Results for out-of-sample interval.

In [17]:
# Helper function, merges actual and predicted values together
def create_eval_df( predictions ):
    data2 = data.copy()
    data2[ timestamp_column ] = pd.to_datetime( data2[ timestamp_column ]).dt.tz_localize('UTC')
    data2.rename( columns={ timestamp_column: 'Timestamp' }, inplace=True)
    data2.set_index( 'Timestamp', inplace=True)

    eval_data = data2[ [ target_column ] ].join( predictions, how='inner' )

    return eval_data

In-sample

In [22]:
for i in range(0,7):
    print('Day:', i+1, 'RMSE:', backtest.aggregated_predictions[i]['accuracyMetrics']['RMSE'] )
Day: 1 RMSE: 1514.396105849587
Day: 2 RMSE: 1598.8268294503896
Day: 3 RMSE: 1607.5194335875638
Day: 4 RMSE: 1628.1118796911414
Day: 5 RMSE: 1611.4158701397384
Day: 6 RMSE: 1602.467316085566
Day: 7 RMSE: 1613.7498960976457
In [23]:
# backtest.aggregated_predictions[0]['type'], backtest.aggregated_predictions[6]['type']
In [24]:
edf = create_eval_df( backtest.aggregated_predictions[0]['values'] )
In [25]:
fig = go.Figure()

fig.add_trace( go.Scatter( x = edf.index, y=edf['Prediction'], name='In-Sample') )     
fig.add_trace( go.Scatter( x = edf.index, y=edf[ target_column ], name='Actual') )    

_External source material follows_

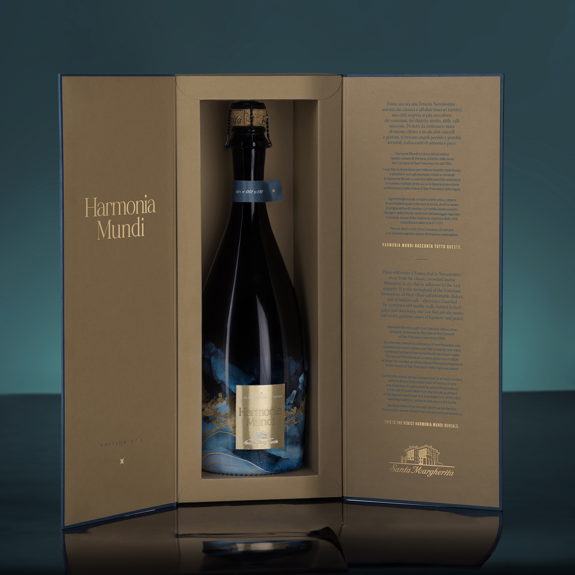 Harmonia Mundi is born from water itself – its bottle rising gracefully to reveal a distinctive shape and texture. Crafted using an exclusive and cutting-edge decoration technique: sublimation, also known as water dipping. Harmonia Mundi is a gift from Venice’s oldest urban vineyard, protected by the walls of the Convent of San Francesco ever since 1254. Its vine rows stretch for a distance of one 1.107 meters, and that is exactly how many numbered bottles of Harmonia Mundi have been made, numbered by hand. The sum of the individual numerals gives us a multiple of three, the number on which the architectural proportions of the church of San Francesco della Vigna are based. Each bottle stands alone: a unique work of art that contains within it almost a thousand years of history, of arts and expertise, of craftsmanship and professionalism. A thin slat of wood taken from the brìcole, typical wooden poles of the lagoon’s landscape and a veritable icon of the city’s seafaring traditions, protects and adorns the bottle. Because, behind the one with which we are familiar, there is still a secret Venice that can astound and amaze us. THIS IS THE VENICE HARMONIA MUNDI REVEALS.

fig.update_layout( width=1200, height=700, title='Actual vs. predicted'  )

fig.show()

Out-of-sample

In [26]:
for i in range(7,14):
    print('Day:',i-6,'RMSE:',backtest.aggregated_predictions[i]['accuracyMetrics']['RMSE'] )
Day: 1 RMSE: 2060.2152459019217
Day: 2 RMSE: 2177.948830850947
Day: 3 RMSE: 2229.520122467636
Day: 4 RMSE: 2262.223084425699
Day: 5 RMSE: 2211.5367573571143
Day: 6 RMSE: 2201.0999567584945
Day: 7 RMSE: 2229.889504434829
In [28]:
#backtest.aggregated_predictions[7]['type'], backtest.aggregated_predictions[13]['type']
In [29]:
edf = create_eval_df( backtest.aggregated_predictions[7]['values'] )
In [30]:
fig = go.Figure()

fig.add_trace( go.Scatter( x = edf.index, y=edf['Prediction'], name='Out-of-Sample') )     
fig.add_trace( go.Scatter( x = edf.index, y=edf[ target_column ], name='Actual') )   

fig.update_layout( width=1200, height=700, title='Actual vs. predicted' )

fig.show()

Summary

We demonstrated how TIM can automate forecasting of key inputs to resource planning/scheduling - predicting volume of requests.

Predictors used, and their quality, play vital role in building of such forecasting system, thus it is assumed that cooperation with LoBs (lines of business) that possess relevant information, preferably with forecasted values, is established.

Contact centers that support multiple channels that customers can use to submit query may benefit from forecasts for various perspectives. With TIM RTInstantML it is possible to build new model and make predictions for various perspectives, e.g. volume per channel (incoming calls, messages from social media, emails etc.), volumes per region, consolidated volumes, and other. Equally, need for various prediction horizons does not mean any additional burden for TIM, depending on sampling of your data, you can predict from minutes to years ahead.